Villocentesi: differenza con amniocentesi, quando farla, i rischi e i risultati
La villocentesi è un esame di screening invasivo per la diagnosi prenatale di patologie trasmesse per via genetica.
Si tratta di un esame che prevede il prelievo dei villi coriali dalla placenta materna.
La villocentesi
La villocentesi è indicata nelle donne in gravidanza in determinate condizioni:
- tutte le donne con età uguale o superiore ai 35 anni alla data presunta del parto;
- quando gli esami di screening di I livello, quali ecografia con translucenza nucale, bitest e analisi del DNA fetale su sangue materno hanno riportato un alto rischio per patologie malformative;
- in caso ci sia familiarità per patologie genetiche gravi nella coppia;
- in caso di altri figli affetti da patologie genetiche cromosomiche.
La villocentesi prevede il prelievo sotto guida ecografica dei villi coriali, che rappresentano la parte più esterna della placenta.
La metodica è completamente ambulatoriale e non prevede l’utilizzo di anestesia.
La procedura prevede 4 fasi principali:
- valutazione ecografica della sede ottimale per la puntura;
- disinfezione della cute;
- puntura transaddominale (più utilizzata) o transcervicale;
- aspirazione del campione coriale sotto guida ecografica continua.
L’esame ecografico preliminare è fondamentale in quanto, oltre all’individuazione del punto più idoneo per la puntura, permette di escludere che ci siano eventuali controindicazioni relative o assolute all’esecuzione dell’esame, come la presenza di miomi uterini o anomalie dell’utero.
Dopo circa un’ora dal termine dell’esame viene effettuata un’ulteriore ecografia per valutare il benessere fetale.
Villocentesi o amniocentesi
La villocentesi e l’amniocentesi sono entrambe metodiche invasive.
Se da un lato l'amniocentesi prevede il prelievo di liquido amniotico, la villocentesi come detto precedentemente, si basa sul prelievo dei villi coriali placentari.
Il principale vantaggio rispetto all’amniocentesi risulta la possibilità di esecuzione in età gestazionale più precoce: l'amniocentesi, infatti, può essere eseguita solo tra la 15° e la 18° settimana di gestazione.
I rischi intrinseci delle due procedure, se eseguite correttamente e in epoca gestazionale adeguata, risultano essere più o meno simili e si attestano intorno all’1-0.2%.

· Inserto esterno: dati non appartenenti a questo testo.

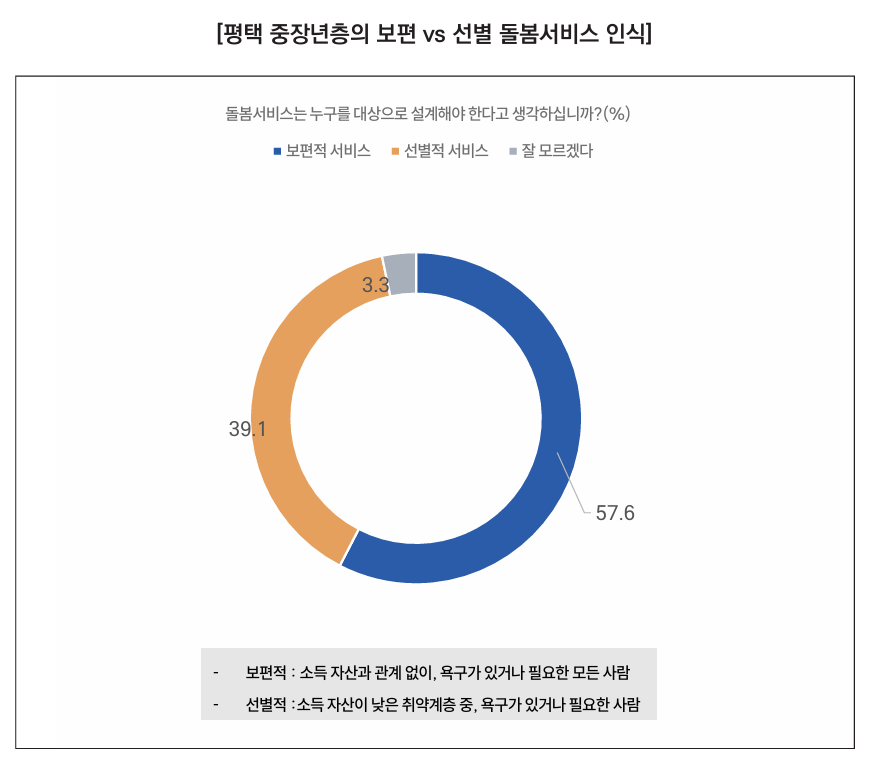 울산 지역 중장년층은 돌봄서비스를 원칙적으로는 보편적 공공 서비스로 설계해야 한다는 인식이 우세하되, 연령ㆍ노동시간ㆍ가구구성에 따라 선별적 접근의 필요성 을 동시에 인식하고 있다.

Quando fare la villocentesi
La villocentesi deve essere eseguita necessariamente entro il terzo mese di gravidanza, in particolare è indicata l’esecuzione dell’esame dopo la decima settimana di gestazione, tra l’11° e la 13° settimana.
È fondamentale che vengano rispettate le tempistiche di esecuzione dell’esame, in quanto eseguirlo precocemente o tardivamente ne aumenta fortemente i rischi.
I rischi della villocentesi
La villocentesi è una procedura ad oggi sicura, seppur non esente da rischi.
Il rischio principale, che rimane molto basso, è quello di perdita del feto, che ad oggi si attesta a 1-0.2 casi ogni 100-200 villocentesi eseguite.
Bisogna sottolineare che tra la 10° e la 12° settimana esiste comunque il rischio di aborto spontaneo, indipendentemente dall’esecuzione della villocentesi, per cui questo dato risulta senza dubbio sovrastimato.
Nelle ore e nei giorni successivi all’esecuzione dell’esame sono possibili:
- crampi uterini;
- sanguinamento leggero dai genitali;
- febbricola.
Questi sintomi, quando di lieve entità, non devono spaventare la donna, per cui sono da considerare come normali e possibili.
Se invece i sintomi diventano più severi, si consiglia di contattare il medico curante.
I risultati
Una volta prelevati, i villi coriali vengono analizzati in laboratorio.
Il patrimonio genetico presente nei villi è identico a quello embrionale: per tale motivo l’analisi dei villi permette di studiare i cromosomi embrionali ed evidenziare eventuali anomalie fetali.
Per la determinazione del cariotipo fetale è necessaria la coltura cellulare e per questo devono essere rispettati dei tempi specifici per ottenere il referto, che sarà disponibile dopo circa 15 giorni.